In fact, he's saved this week by a couple of rather whopping coincidences: first there is the combo of a bruised finger and Alison's handy Polaroid that proves how much time has passed, triggering his memory recovery; and second, luckily he runs into a couple of Village toughs for a scrap – rather than Rover – and so knows that Gemini is not the real password.
I watched it again and still think physical fear is what seems to lay behind Rover's choice. The little fisticuffs before the two sixes leave his house has the superciliously arrogant Number 12 reduced to spilling his guts after Six gives him a bit of a beating. 12 tells Six both the password and his name and is clearly a beaten and spent force.

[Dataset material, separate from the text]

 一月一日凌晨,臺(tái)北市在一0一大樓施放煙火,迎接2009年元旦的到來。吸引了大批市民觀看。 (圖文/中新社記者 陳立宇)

Once outside Six says the password and stands his ground, but 12 says it, backing away, repeats it in increasing fear as he continues to back away, and then as Rover moves, he panics completely and runs away - quickly caught by the guard-dog.
Definitely fear that lies behind it albeit the details are not as I initially recalled. I daresay we might be intended to infer something about *strength of character* from this.
"In fact, he's saved this week by a couple of rather whopping coincidences: first there is the combo of a bruised finger and Alison's handy Polaroid that proves how much time has passed, triggering his memory recovery; and second, luckily he runs into a couple of Village toughs for a scrap – rather than Rover – and so knows that Gemini is not the real password."
In fact, he didn't actually need the first one at all. Once he knows that "Gemini" isn't the real password, he could have gone to see number 2 and asked him why, if he's really number 12, has he got a bogus password? Finding the photo wasn't necessary, even though it happened first.